文章标签： transformer 深度学习人工智能自然语言处理大模型算法大语言模型 AI大模型

本文链接：https://blog.csdn.net/2401_85378759/article/details/142752278

版权

引言

本文是手撕Transformer系列的第七篇。解码器（The Decoder）是Transformer结构的后半部分，它也包含了之前介绍过的所有层。

闲话少说，我们直接开始吧！

背景介绍

解码器层是前几篇文章中提到的子层的封装层。它采用位置嵌入处理目标序列，并将其通过屏蔽多头注意力机制。掩模Mask用于防止解码器查看序列中的下一个标记。它迫使模型仅使用前一个标记作为上下文来预测下一个标记。然后，它将通过另一种多头交叉注意力机制；该机制将编码器层的输出作为额外输入。最后，它将通过FFN。在每个子层之后，它都会执行残差加法和层归一化操作。

Transformer中的Decoder Layer

如上所述，解码器只不过是子层的包装。它实现了两个多头注意力层和一个前馈网络，每个子层之后都进行了层归一化和残差加法。

class DecoderLayer(nn.Module):

  def __init__(self, d_model: int, n_heads: int, d_ffn: int, dropout: float):
    """
    Args:
        d_model:      dimension of embeddings
        n_heads:      number of heads
        d_ffn:        dimension of feed-forward network
        dropout:      probability of dropout occurring
    """
    super().__init__()
    # masked multi-head attention sublayer
    self.masked_attention = MultiHeadAttention(d_model, n_heads, dropout)
    # layer norm for masked multi-head attention
    self.masked_attn_layer_norm = nn.LayerNorm(d_model)
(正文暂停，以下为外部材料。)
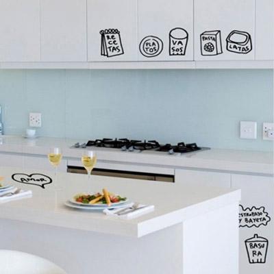 Ngay cả với những bà nội tướng, chiếc bếp tưởng như đã vô cùng quen thuộc đôi khi vẫn trở nên rối rắm với hàng trăm thứ đồ linh tinh. Vậy tại sao bạn lại không biến bếp thành một nơi hấp dẫn và sinh động với những hình đề can ngộ nghĩnh với tên các loại đồ đạc ở ngoài mặt tủ. Không chỉ đẹp mắt mà nó cũng giúp những người bạn bè hay các đức ông chồng dễ tìm đồ hơn khi phụ bạn nấu ăn đấy.
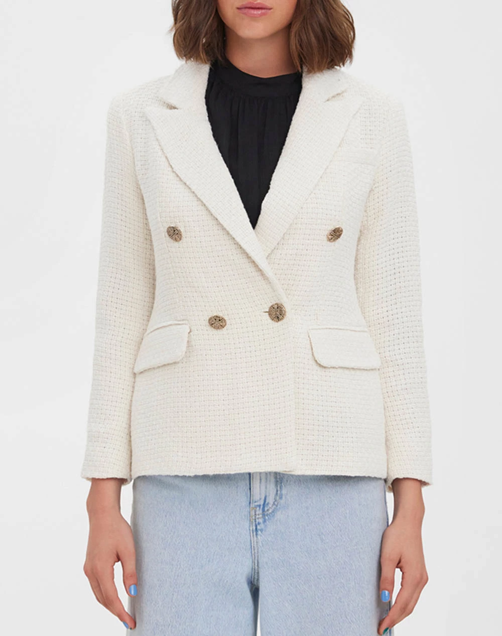 Γυναικείο πλεκτό σακάκι τύπου blazer σε στενή γραμμή, με κλείσιμο με κουμπιά. ( Σύνθεση: 100% Πολυεστέρας )

    # multi-head attention sublayer
    self.attention = MultiHeadAttention(d_model, n_heads, dropout)
    # layer norm for multi-head attention
    self.attn_layer_norm = nn.LayerNorm(d_model)
    
    # position-wise feed-forward network
    self.positionwise_ffn = PositionwiseFeedForward(d_model, d_ffn, dropout)
    # layer norm for position-wise ffn
    self.ffn_layer_norm = nn.LayerNorm(d_model)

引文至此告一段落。